> [Work to complete] Please give the entries below again exactly, omitting every picture.

> [Given information]

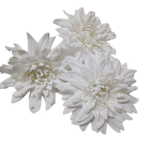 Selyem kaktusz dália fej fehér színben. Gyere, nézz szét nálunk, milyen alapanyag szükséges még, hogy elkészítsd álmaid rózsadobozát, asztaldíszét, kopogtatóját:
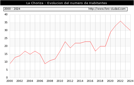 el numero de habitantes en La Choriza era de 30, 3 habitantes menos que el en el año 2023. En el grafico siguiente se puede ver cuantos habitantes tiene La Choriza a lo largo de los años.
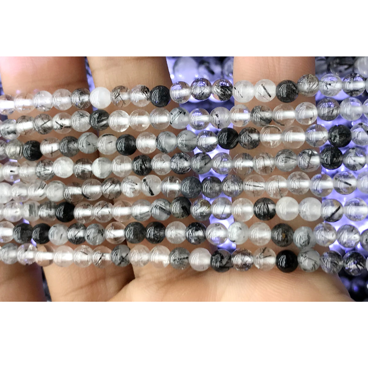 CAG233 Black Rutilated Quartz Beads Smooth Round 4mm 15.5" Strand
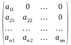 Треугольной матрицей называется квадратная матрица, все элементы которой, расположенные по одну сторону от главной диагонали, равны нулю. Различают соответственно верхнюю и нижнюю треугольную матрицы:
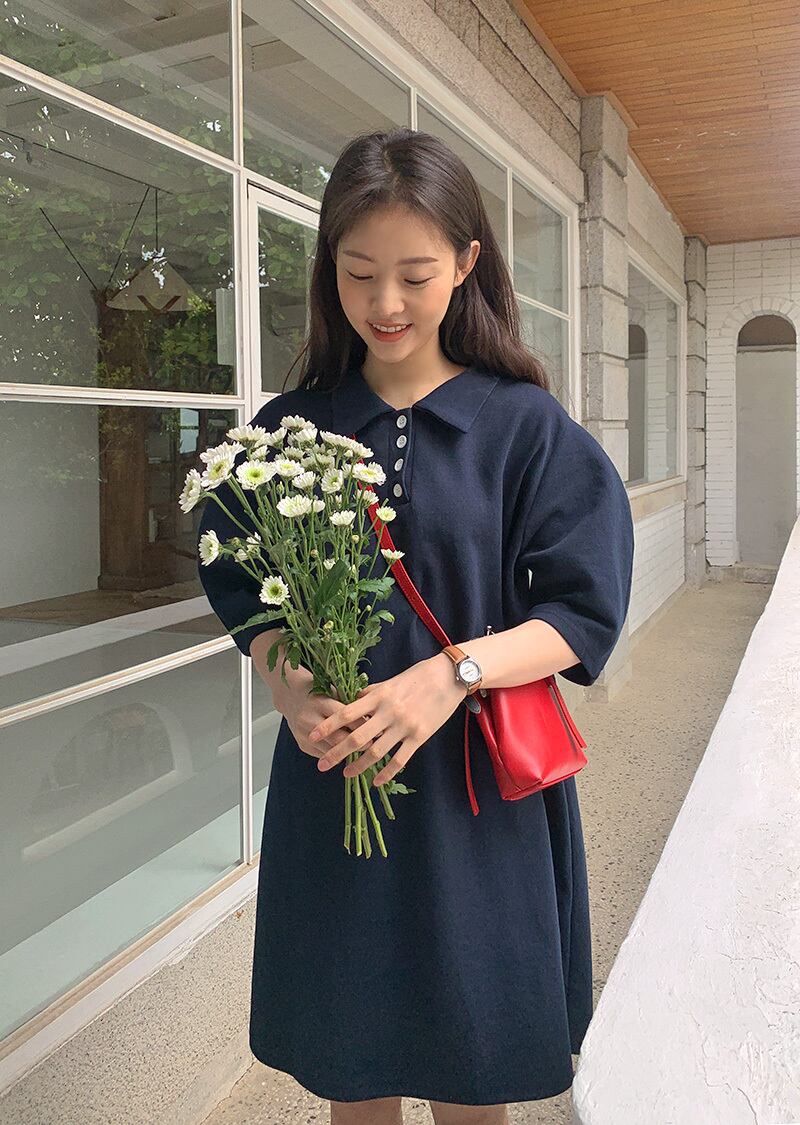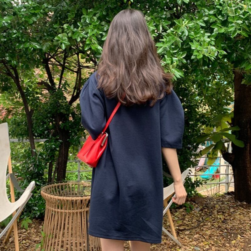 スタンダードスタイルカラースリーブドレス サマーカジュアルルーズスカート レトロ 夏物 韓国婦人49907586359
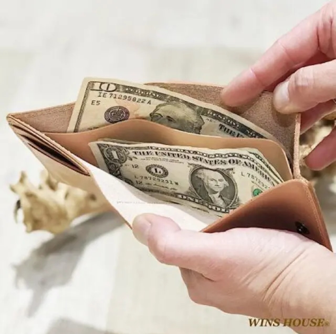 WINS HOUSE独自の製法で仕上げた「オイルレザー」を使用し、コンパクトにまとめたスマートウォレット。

> [Task solution]
 Selyem kaktusz dália fej fehér színben. Gyere, nézz szét nálunk, milyen alapanyag szükséges még, hogy elkészítsd álmaid rózsadobozát, asztaldíszét, kopogtatóját:
 el numero de habitantes en La Choriza era de 30, 3 habitantes menos que el en el año 2023. En el grafico siguiente se puede ver cuantos habitantes tiene La Choriza a lo largo de los años.
 CAG233 Black Rutilated Quartz Beads Smooth Round 4mm 15.5" Strand
 Треугольной матрицей называется квадратная матрица, все элементы которой, расположенные по одну сторону от главной диагонали, равны нулю. Различают соответственно верхнюю и нижнюю треугольную матрицы:
 スタンダードスタイルカラースリーブドレス サマーカジュアルルーズスカート レトロ 夏物 韓国婦人49907586359
 WINS HOUSE独自の製法で仕上げた「オイルレザー」を使用し、コンパクトにまとめたスマートウォレット。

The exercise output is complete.